WHAT YOU ARE ASKED TO DO: For the records below, copy exactly the span that begins at the line containing "12. Смужку блакитного" and stops after the line containing "приглашает к жизни.", minus any pictures.

DATA TO PROCESS:
---

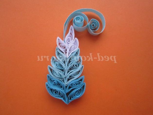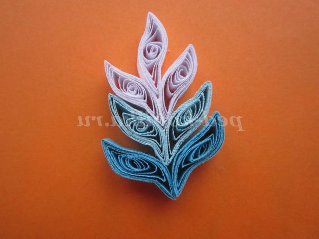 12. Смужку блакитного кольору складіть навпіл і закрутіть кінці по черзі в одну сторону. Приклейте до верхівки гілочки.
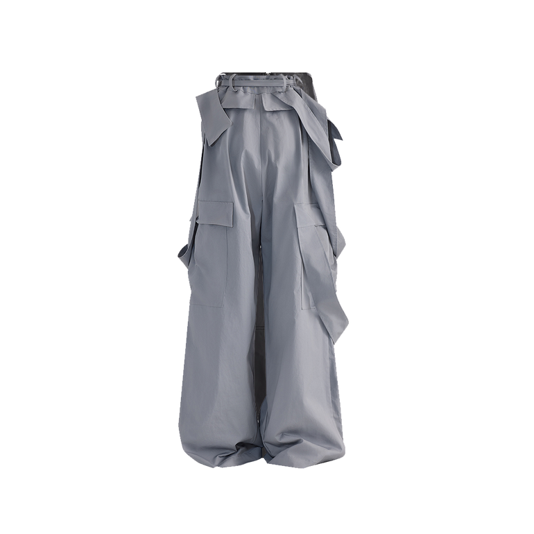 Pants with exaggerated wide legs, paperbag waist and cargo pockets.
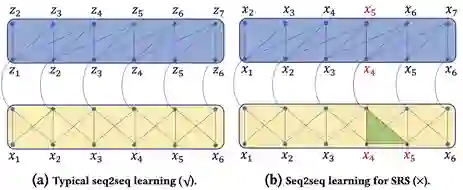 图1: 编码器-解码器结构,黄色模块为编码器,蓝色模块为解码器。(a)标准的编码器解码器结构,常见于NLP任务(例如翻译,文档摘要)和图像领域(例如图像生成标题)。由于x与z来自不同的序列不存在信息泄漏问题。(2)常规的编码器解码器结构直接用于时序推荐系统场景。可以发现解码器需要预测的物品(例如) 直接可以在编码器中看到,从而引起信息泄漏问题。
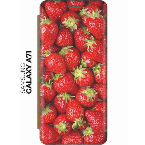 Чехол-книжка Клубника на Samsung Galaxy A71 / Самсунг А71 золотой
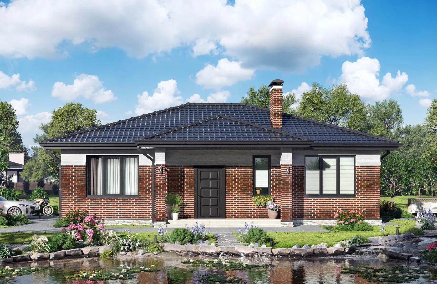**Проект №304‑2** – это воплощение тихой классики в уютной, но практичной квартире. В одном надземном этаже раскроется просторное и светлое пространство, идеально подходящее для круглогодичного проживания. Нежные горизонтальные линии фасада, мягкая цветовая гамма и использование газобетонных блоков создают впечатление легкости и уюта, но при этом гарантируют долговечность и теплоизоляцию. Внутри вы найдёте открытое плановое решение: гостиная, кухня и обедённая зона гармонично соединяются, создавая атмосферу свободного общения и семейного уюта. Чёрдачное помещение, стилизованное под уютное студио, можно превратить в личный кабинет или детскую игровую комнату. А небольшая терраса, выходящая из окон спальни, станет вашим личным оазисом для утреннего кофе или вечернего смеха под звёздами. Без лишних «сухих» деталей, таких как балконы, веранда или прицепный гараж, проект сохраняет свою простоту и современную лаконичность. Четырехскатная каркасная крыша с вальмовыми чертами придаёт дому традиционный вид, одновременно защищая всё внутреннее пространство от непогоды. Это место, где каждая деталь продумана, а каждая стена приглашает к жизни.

---

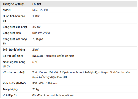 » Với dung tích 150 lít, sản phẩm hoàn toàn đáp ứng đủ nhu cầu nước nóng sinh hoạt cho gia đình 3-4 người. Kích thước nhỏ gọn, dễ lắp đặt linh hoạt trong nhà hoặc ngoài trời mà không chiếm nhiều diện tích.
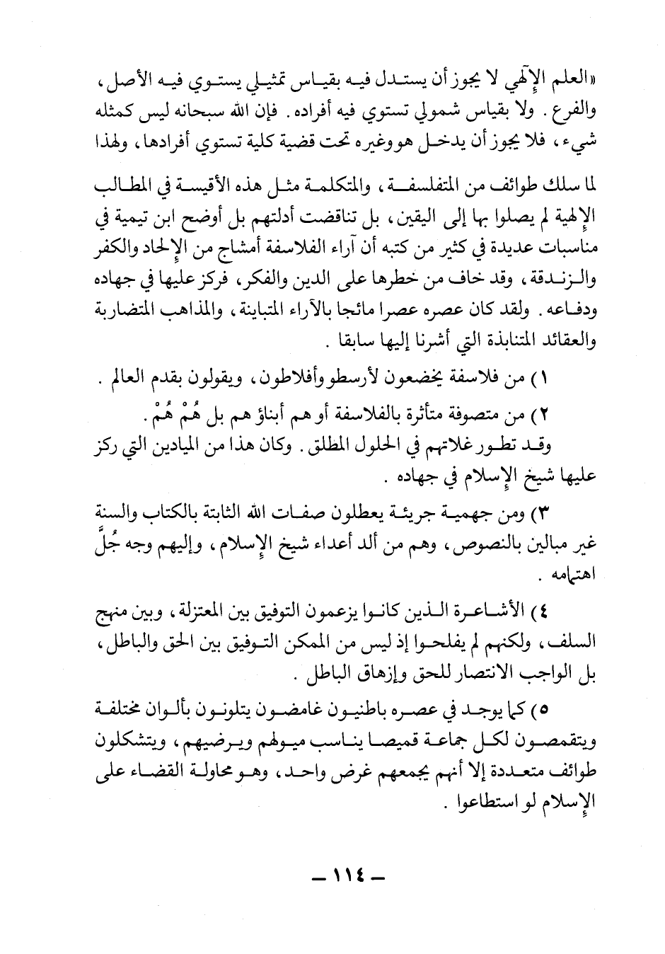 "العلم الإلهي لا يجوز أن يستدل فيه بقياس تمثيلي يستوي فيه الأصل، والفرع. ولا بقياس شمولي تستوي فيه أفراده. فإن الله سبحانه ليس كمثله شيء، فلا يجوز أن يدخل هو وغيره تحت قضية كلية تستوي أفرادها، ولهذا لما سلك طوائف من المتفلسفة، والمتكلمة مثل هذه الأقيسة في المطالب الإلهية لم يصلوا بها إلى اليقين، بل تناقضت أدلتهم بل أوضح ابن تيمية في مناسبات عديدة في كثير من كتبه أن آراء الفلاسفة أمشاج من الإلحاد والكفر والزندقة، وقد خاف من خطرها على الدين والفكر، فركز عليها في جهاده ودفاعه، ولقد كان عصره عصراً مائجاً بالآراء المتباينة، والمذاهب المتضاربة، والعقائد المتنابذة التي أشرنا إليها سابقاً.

---

EXERCISE RESULT:
 12. Смужку блакитного кольору складіть навпіл і закрутіть кінці по черзі в одну сторону. Приклейте до верхівки гілочки.
 Pants with exaggerated wide legs, paperbag waist and cargo pockets.
 图1: 编码器-解码器结构,黄色模块为编码器,蓝色模块为解码器。(a)标准的编码器解码器结构,常见于NLP任务(例如翻译,文档摘要)和图像领域(例如图像生成标题)。由于x与z来自不同的序列不存在信息泄漏问题。(2)常规的编码器解码器结构直接用于时序推荐系统场景。可以发现解码器需要预测的物品(例如) 直接可以在编码器中看到,从而引起信息泄漏问题。
 Чехол-книжка Клубника на Samsung Galaxy A71 / Самсунг А71 золотой
**Проект №304‑2** – это воплощение тихой классики в уютной, но практичной квартире. В одном надземном этаже раскроется просторное и светлое пространство, идеально подходящее для круглогодичного проживания. Нежные горизонтальные линии фасада, мягкая цветовая гамма и использование газобетонных блоков создают впечатление легкости и уюта, но при этом гарантируют долговечность и теплоизоляцию. Внутри вы найдёте открытое плановое решение: гостиная, кухня и обедённая зона гармонично соединяются, создавая атмосферу свободного общения и семейного уюта. Чёрдачное помещение, стилизованное под уютное студио, можно превратить в личный кабинет или детскую игровую комнату. А небольшая терраса, выходящая из окон спальни, станет вашим личным оазисом для утреннего кофе или вечернего смеха под звёздами. Без лишних «сухих» деталей, таких как балконы, веранда или прицепный гараж, проект сохраняет свою простоту и современную лаконичность. Четырехскатная каркасная крыша с вальмовыми чертами придаёт дому традиционный вид, одновременно защищая всё внутреннее пространство от непогоды. Это место, где каждая деталь продумана, а каждая стена приглашает к жизни.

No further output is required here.